The representative of Estonia stressed the importance of cybersecurity for doing business online. Estonia have put a lot of effort into the promotion of the Budapest Convention on Cybercrime and engaged in technical co-operation to build the capacity of other countries in this area. Also, Estonia is leading the initiative to establish an EU cyber capacity building network (EU–CyberNET), which aims to systematise the cyber capacity building efforts of the EU, in order to enhance the effectiveness of training offered to partner countries.

The representative of Mexico said that the creation and strengthening of capacity should be seen in two different ways: what relates to technical matters, and what relates to international policy or cyber diplomacy. Regarding gender equality, Mexico hosted an event called the ‘Cyber Women Challenge’, to strengthen capacity and to raise awareness on the issue of women in cybersecurity.

The representative of Cuba noted that we continue to face limitations in regards to accessing new technologies due to the imposition of coercive unilateral measures and the monopoly of the transnational ICT companies. As for capacity building, he said that it is important to consider that the implementation of these measures should be guaranteed without any conditions, discrimination, or interference in the internal affairs of states. Also, there is a need to lift the sanctions and unilateral measures that prevent developing countries from having access to new information technologies.

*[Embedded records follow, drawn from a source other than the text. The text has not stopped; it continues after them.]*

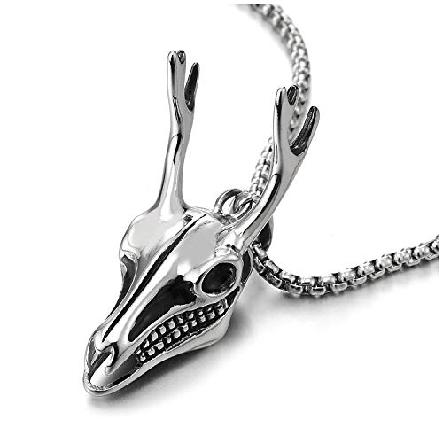 COOLSTEELANDBEYOND Testa Cranio Scheletro Corno Cervo Renna Ciondolo, Collana Pendente Uomo Donna, Acciaio, Catena del Grano 75CM
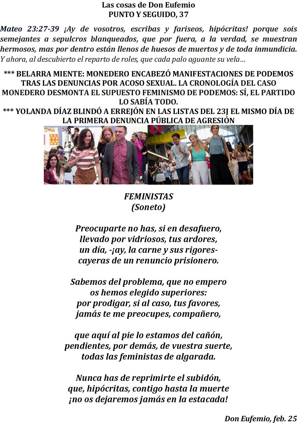 S2: FEMINISTAS: …..llevado por vidriosos tus ardores…..
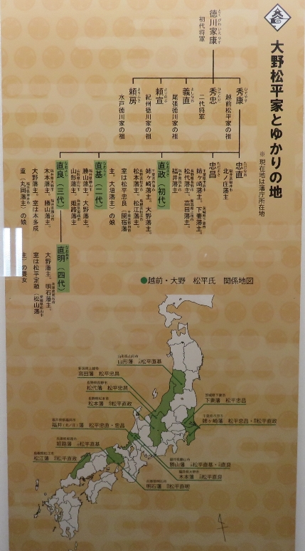越前大野城の天守閣の内部の展示物の大野松平家とゆかりの地(2025/5/31) |
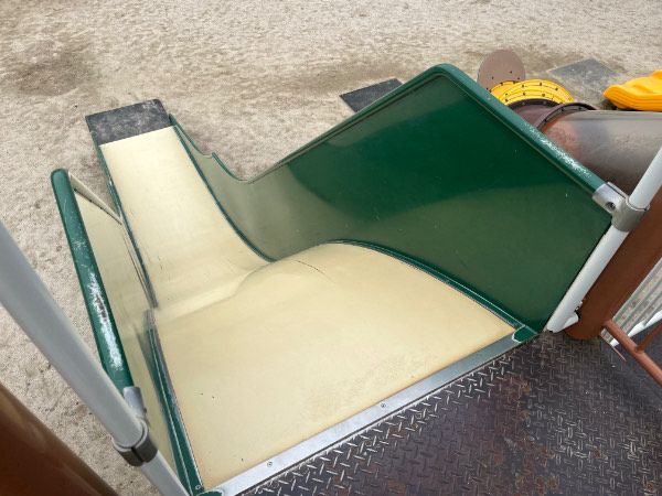 手前の緑の滑り台は、スピードも出て急降下してスリルがあるものでした。
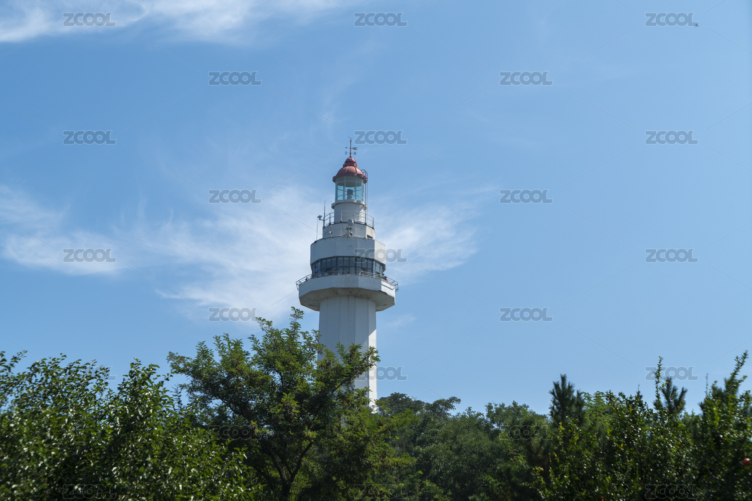 中国辽宁省大连市旅顺口区老铁山自然保护区百年灯塔风光
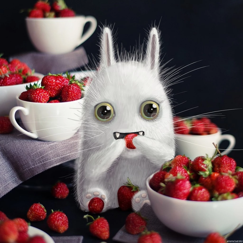 На картинке изображен белый кролик с большими выразительными глазами. Он сидит на вершине нескольких чаш, наполненных ярко-красной клубникой. Общая сцена предполагает причудливую или игривую обстановку, возможно, предназначенную для того, чтобы вызвать чувство удивления или восторга.
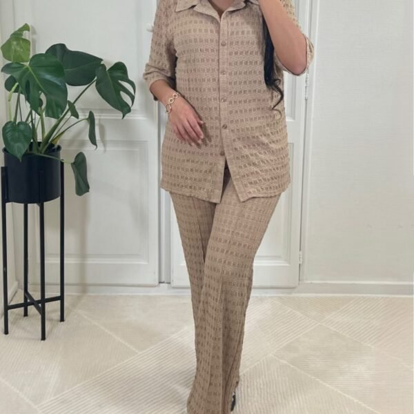 Cet élégant ensemble se compose d’un pantalon droit et d’un haut à nouer à la taille. Les détails sur les manches apportent une touche d’originalité à la tenue. Cet ensemble est à la fois chic et décontracté. Il est parfait pour aller travailler.

The representative of Australia said that they have a USD$34 million cyber co-operation programme and over 40 projects through the Pacific region. She spoke about the Asia-Pacific cybersecurity operations network. Australia is chairing the Asia-Pacific CERT community, and the Asia-Pacific cybersecurity operations network which helps their partners in the Pacific who do not have their own CERTs. Finally, she suggested that the OEWG look at better co-ordination of capacity building efforts.

The representative of Iran highlighted that a regional approach to capacity building may result in some regions being left behind, because some regions may be of no interest to donor countries for capacity building. Thus, one of the recommendations of the OEWG should be a kind of global capacity building architecture led by the UN. He also mentioned the problem of sanctions and restrictive measures hampering capacity building efforts of some countries.

The representative of Bangladesh said that the country had conducted a study on capacity gaps in their cybersecurity policy and strategy. It turned out that there are gaps in almost all the spheres, but those in need of immediate attention are cybersecurity culture in society, and cybersecurity education, training, and skills. He shared other examples of national capacity building efforts, including the Bangladesh National Digital Architecture and national CERT co-operation with friendly countries. Also, Bangladesh signed an agreement with Microsoft’s digital crimes unit to build the capacity of their cybersecurity experts.

Finalising the ninth meeting of the first substantive session of the OEWG, the Chairman briefly summarised the main discussion of the past working week. He shared a working plan for the OEWG for the coming months. By the end of the year he will come up with a draft paper that will contain a preliminary structure of discussions within the OEWG and ideas and proposals put forward by the delegates. In February, after the second session, he will prepare a first raw draft of the OEWG report and it will be discussed at two short inter-sessional meetings by the delegates. Then, he will collect the delegates’ feedback and prepare the draft report by May, which will be the basis for the final negotiations in July. Moreover, Singapore will chair the informal inter-sessional meetings with other stakeholders and will prepare a paper with the outcomes for the delegates’ consideration.